We would need to add documents to the context for LLM. We will leverage the embedding model provided genai to batch-embed the provided documents. Something like

        batch := rag.embedModel.NewBatch()
    for _, doc := range documents {
        batch.AddContent(genai.Text(doc))
    }
    embedModelResp, err := rag.embedModel.BatchEmbedContents(ctx, batch)

And we would add the same to our vector database. The embedding model provides us the vector for each document we add, we will use the same to add it to vectorDB, something like

for i, doc := range documents {
        weavObjects[i] = &models.Object{
            Class: "Document",
            Properties: map[string]any{
                "text": doc,
            },
            Vector: embedModelResp.Embeddings[i].Values,
        }
    }

_, err = rag.vectorDBClient.Batch().ObjectsBatcher().WithObjects(weavObjects...).Do(ctx)

This will do the context addition part.

Asking a Question

To ask a question we would need the vector value for the given text. So first we would use the embedding model to get the vector, something like

embedModelResp, err := rag.embedModel.EmbedContent(ctx,genai.Text(question))

We will then use the vector value from the response to fetch relevant context for LLM. Something like

grahpQ := rag.vectorDBClient.GraphQL()
result, err := grahpQ.Get().WithNearVector(grahpQ.NearVectorArgBuilder().WithVector(embedModelResp.Embedding.Values)).
        WithClassName(rag.class).
        WithFields(graphql.Field{Name: "text"}).
        WithLimit(4).
        Do(ctx)

We will combine the result from the above query as context with the question on a template to pass to our LLM. The template for LLM could be something like

### Question:
%s

### Context:
%s
### Instructions:
- Provide a clear and concise response based on the context provided.
- Stay focused on the context and avoid making assumptions beyond the given data.
- Use the context to guide your response and provide a well-reasoned answer.
- Ensure that your response is relevant and addresses the question asked.
- If the question does not relate to the context, answer it as normal.

### Expected Answer Format (Optional):
[Specify any preferred format, such as bullet points, paragraphs, or specific instructions if needed.]`

And send the request to LLM, something like

ragQuery := fmt.Sprintf(template, question, strings.Join(vectorContexts, "\n"))
llmResp, err := rag.generativeModel.GenerateContent(ctx, genai.Text(ragQuery))

So the response can passed to the user.

The full code is here.

Example

Adding Documents

Asking Question

Asked about who are you

Asked about how it was developed

Asked about Kings beach from context

Handling the Trade-offs

Retrieval Latency

One of the key challenges with RAG systems is ensuring the retrieval process is quick enough to meet the expectations set by Gemini Flash’s fast inference capabilities.
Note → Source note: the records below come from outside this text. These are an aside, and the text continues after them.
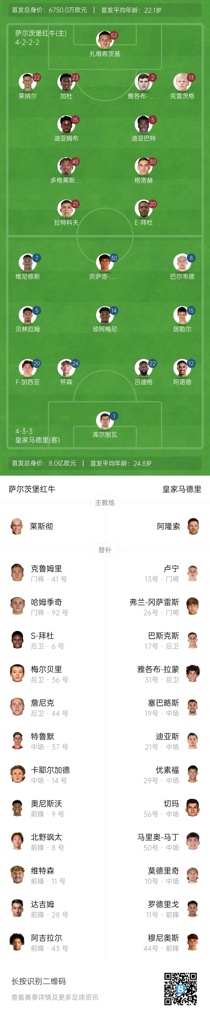 06月27日讯 世俱杯小组赛H组第3轮,萨尔茨堡红牛对阵皇马,赛前首发公布。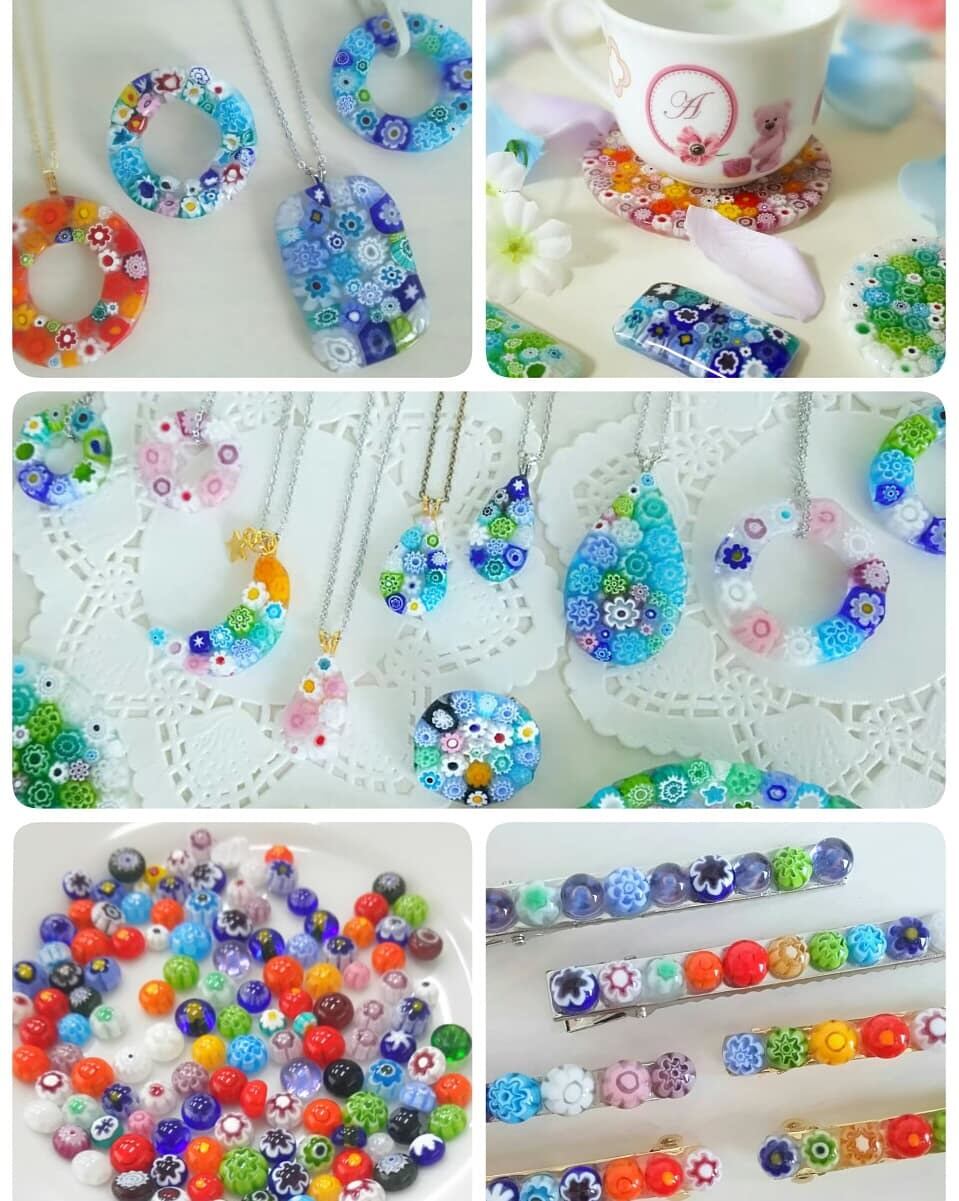ミルフィオリ(ヴェネチアンガラス)で、箸置きや、アクセサリー、ヘアクリップ、バレッタ等を制作しています。 【ミルフィオリとは・・・】 ミルフィオリはイタリアのヴェネチアで15世紀から作られている伝統工芸です。 ガラス細工の一種で、金太郎飴のように模様が入っているガラス棒を使用して作った製品の事で、イタリア語の「Millefiori」とは「千の花」という意味です。 お花の模様が敷き詰められていて、とっても可愛いですよ♡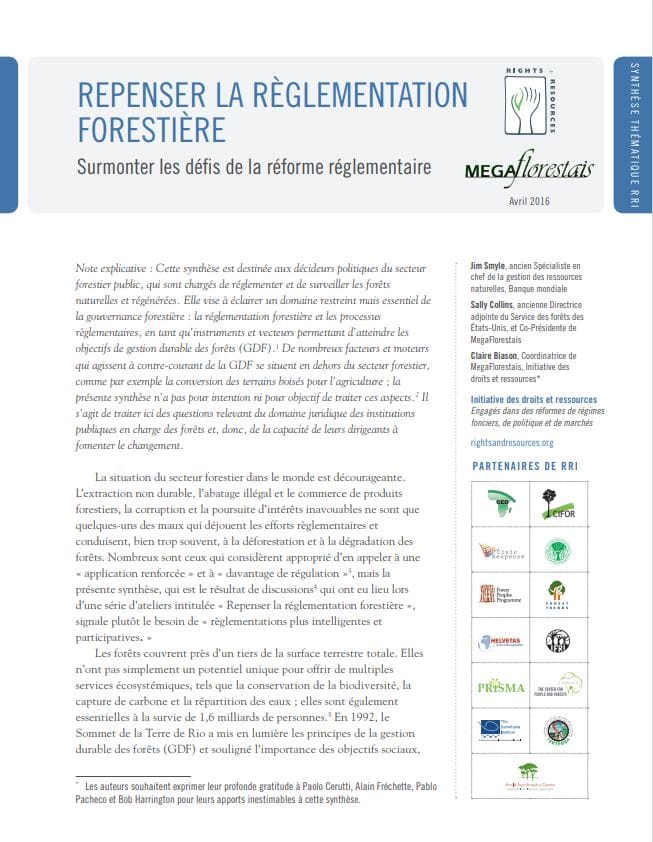Cette synthèse est destinée aux décideurs politiques du secteur forestier public, qui sont chargés de réglementer et de surveiller les forêts naturelles et régénérées. Elle vise à éclairer un domaine restreint mais essentiel de la gouvernance forestière : la réglementation forestière et les processus règlementaires, en tant qu’instruments et vecteurs permettant d’atteindre les objectifs de gestion durable des forêts (GDF). De nombreux facteurs et moteurs qui agissent à contre-courant de la GDF se situent en dehors du secteur forestier, comme par exemple la conversion des terrains boisés pour l’agriculture ; la présente synthèse n’a pas pour intention ni pour objectif de traiter ces aspects. Il s’agit de traiter ici des questions relevant du domaine juridique des institutions publiques en charge des forêts et, donc, de la capacité de leurs dirigeants à fomenter le changement.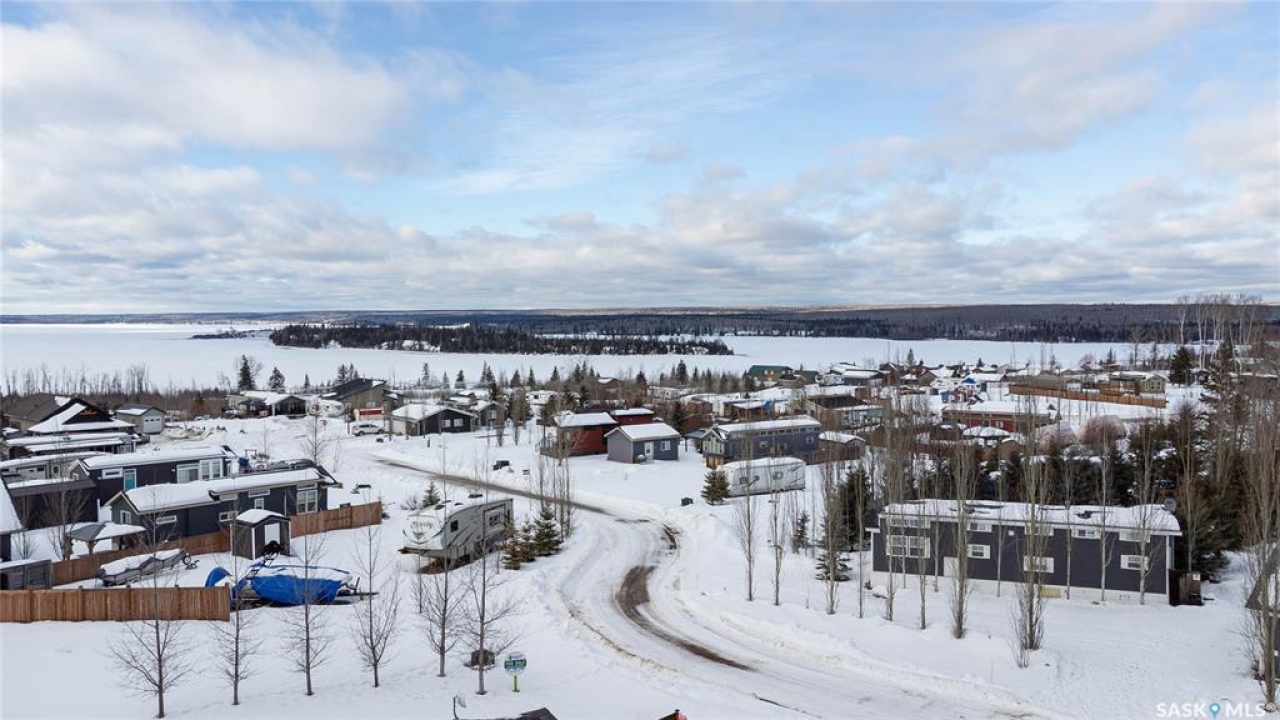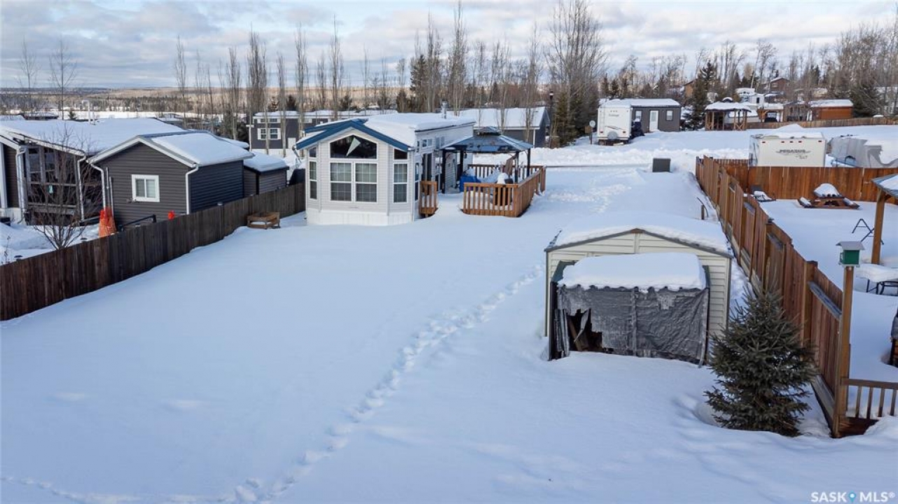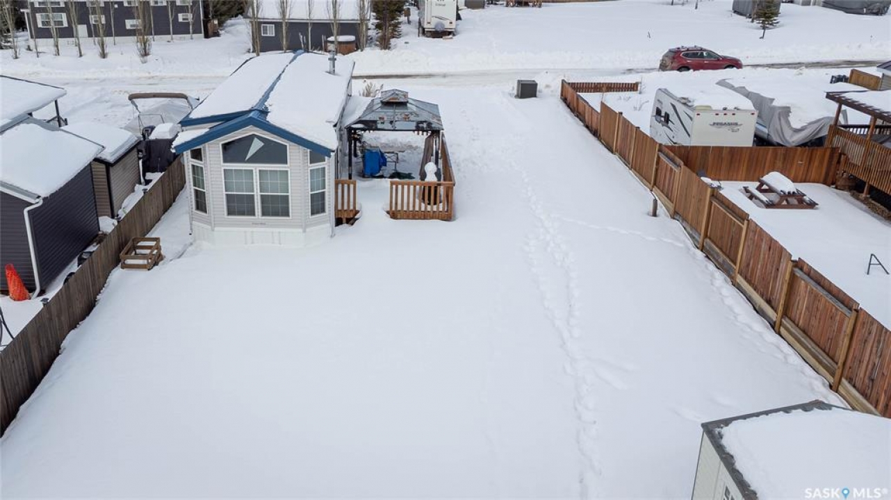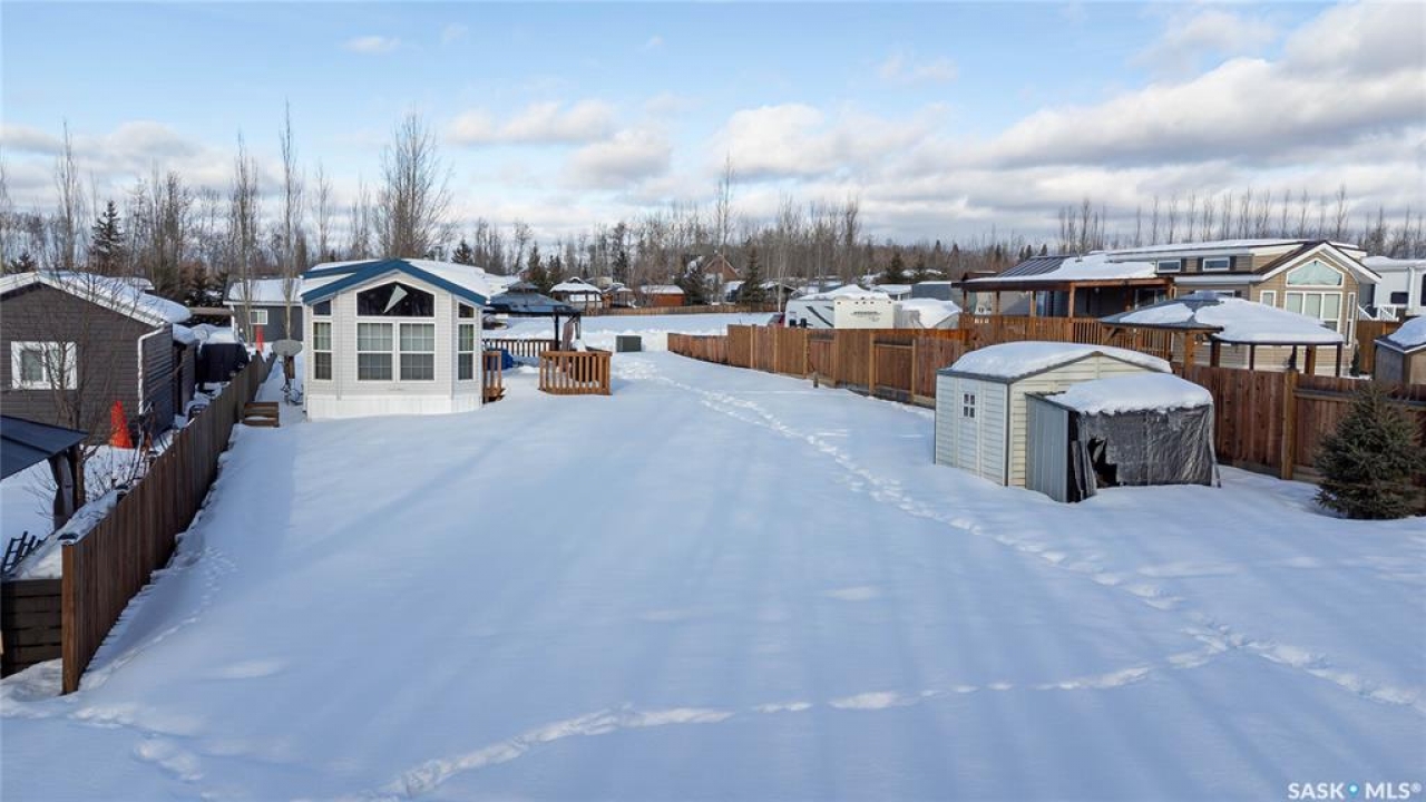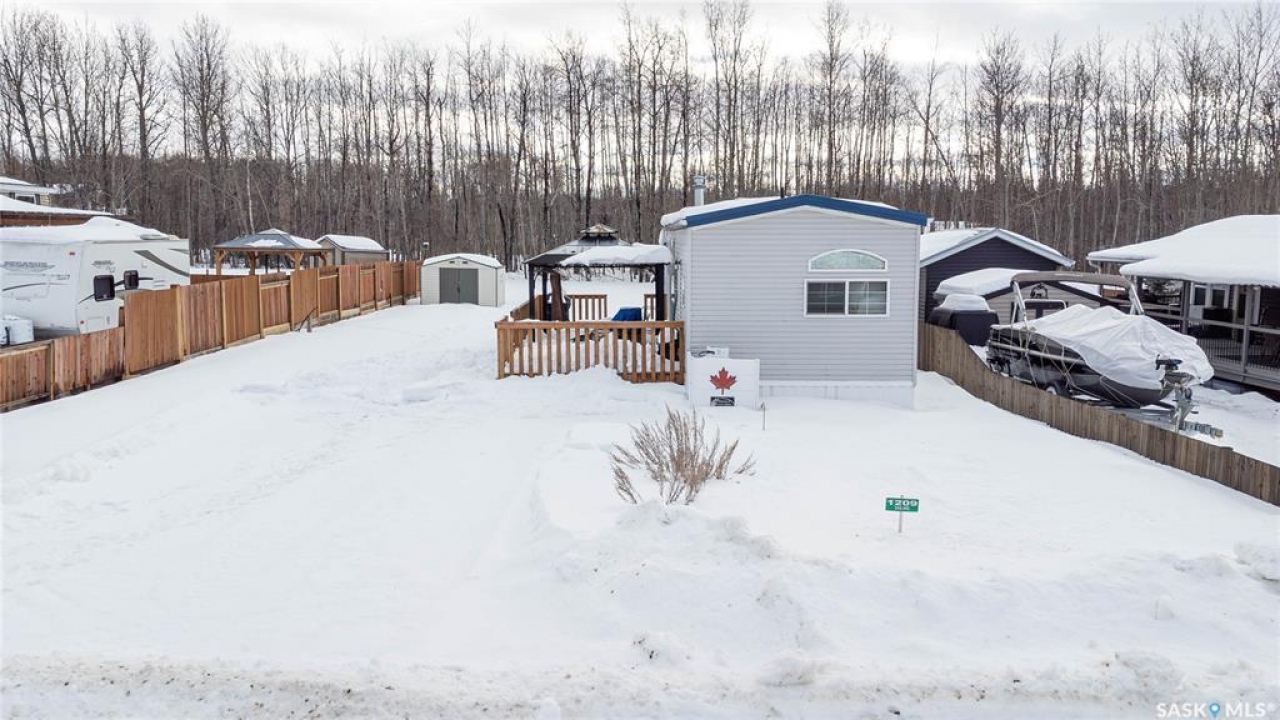 A fantastic all season escape at Lac Des Iles in Lauman's Landing. This beautiful park model trailer offers an easy retreat with the comforts of home. A full-length deck with gazebo backs onto the trees, creating a private and relaxing outdoor space, and the living room also has a southern exposure and a view of the forest. Furniture is included, so you can arrive and start enjoying right away. The layout is designed to sleep up to eight people comfortably, with built-in wardrobes in each bedroom, extra storage under the primary bed, double bunks in the second bedroom, and lofted ceilings for excellent headroom. A pullout in the living room adds even more flexibility for guests. There is a full hook-up RV spot for visitors, an 8x8 storage shed for your toys, and a woodshed to keep firewood handy for evenings around the backyard fire pit. The lake and a playground are just a short walk away, perfect for kids and adults alike. This property is only about 10 minutes to Goodsoil for groceries and essentials. Golf enthusiasts are minutes from Northern Meadows Golf Club, a well-regarded 18-hole course. It's approximately 45 minutes from Cold Lake and Meadow Lake, just over 4 hours to Edmonton and around 4 hours to Saskatoon for a full range of services and amenities. Whether you are looking for a seasonal getaway or a low-maintenance retreat, this property checks all the boxes.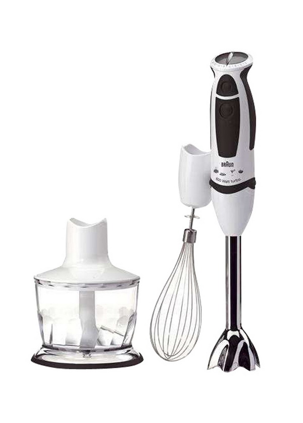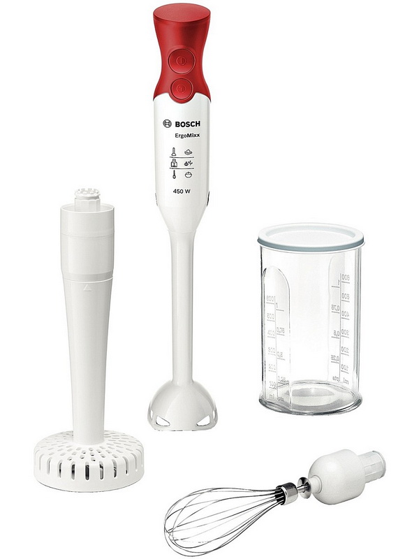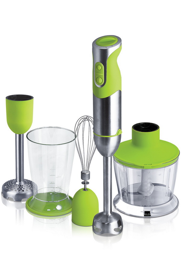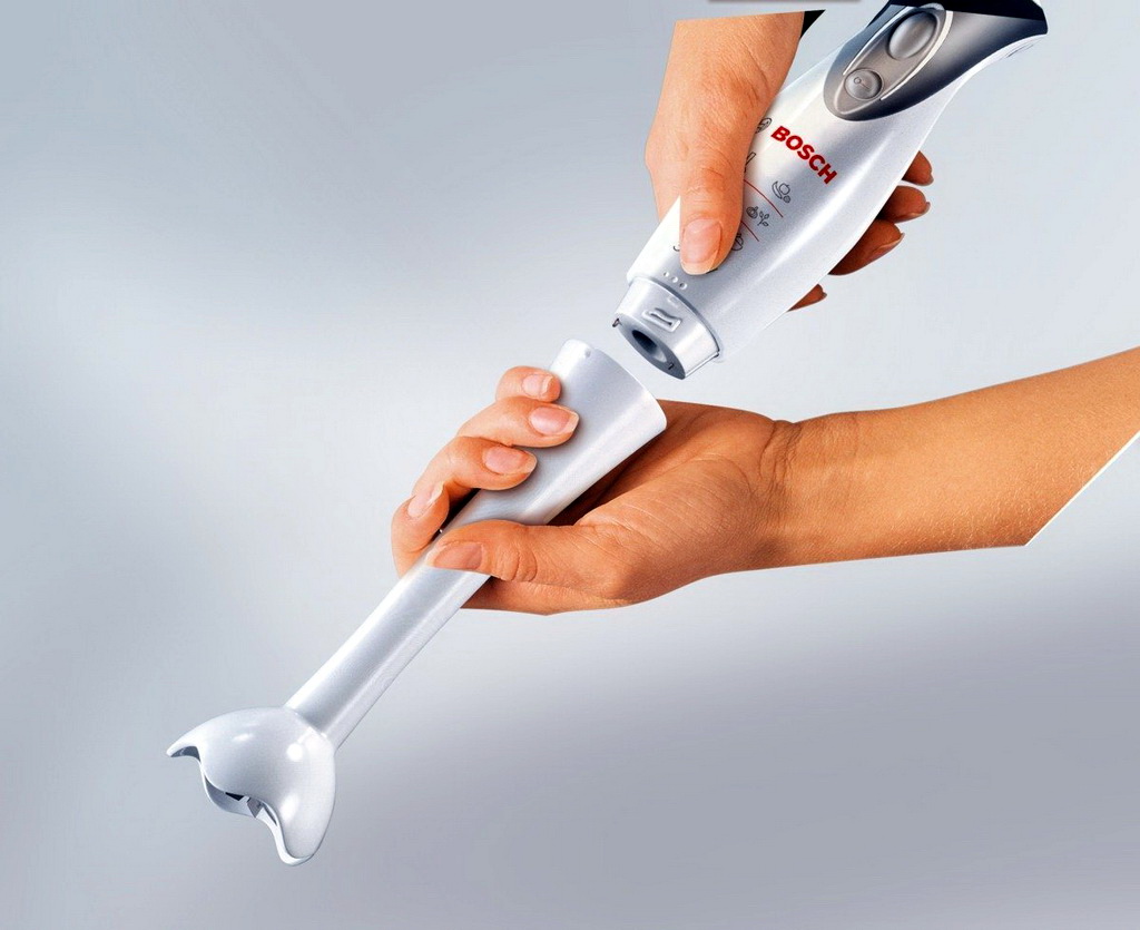Neben dem Stand- und Stabmixer können Sie sich auch mit einem Tauchmodell "bewaffnen". Dies ist ein kompaktes Produkt, bei dem sich der Motor im Griff befindet und verschiedene Düsen daran angebracht sind. Sie verwenden absolut jeden Container dafür. Zum Mahlen von Speisen genügt es, den Mixer in eine Schüssel oder ein Glas zu legen, um einen gesunden frischen Saft zu erhalten, für die ersten Gänge zu braten usw. Eine wichtige Voraussetzung für das kombinierte Modell ist die Auswahl von Behältern mit hohen Wänden, um Spritzer, Flecken auf Möbeln und Kleidung zu vermeiden.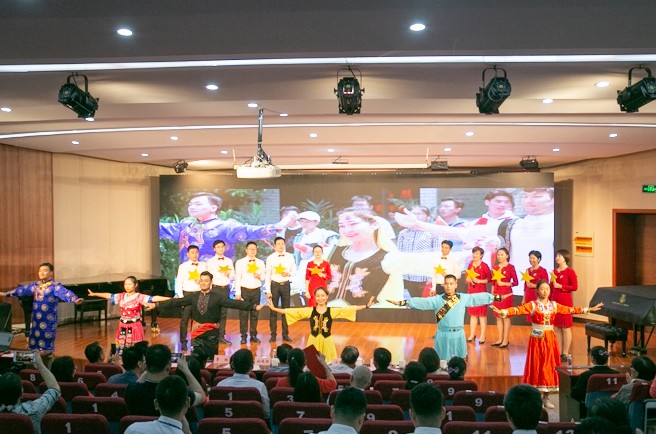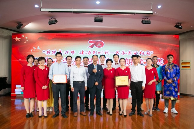 教师代表在北区活动中心音乐厅参加庆祝新中国成立70周年“共筑复兴梦 建功新时代——我和我的祖国”主题教职工朗诵活动。本次活动由黄漫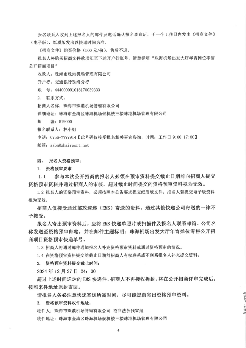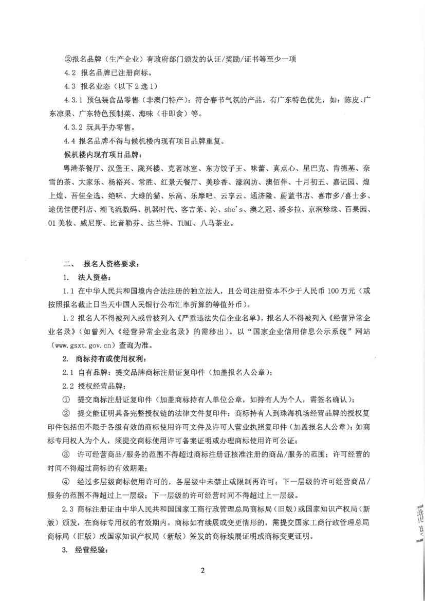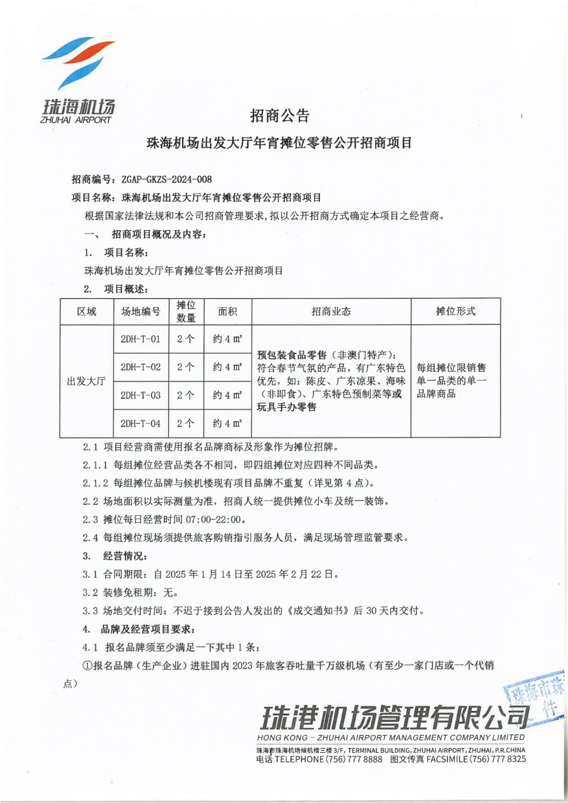 珠海機(jī)場出發(fā)大廳年宵攤位零售公開招商項(xiàng)目

A slow retrieval process can bottleneck the system. To manage this, we can optimize the vector database’s indexing mechanisms and search algorithms. Utilizing HNSW (Hierarchical Navigable Small World) graphs or Faiss can significantly reduce search time, especially with large datasets.

Complexity of Nuanced Responses

While LLMs like Gemini Flash excel at delivering quick, high-level responses, generating more nuanced answers requires optimizing the prompt and retrieval quality. Techniques like prompt engineering could be crucial here. By crafting highly specific prompts, we can guide LLMs to make the most of the retrieved context and generate more complex responses without adding much latency.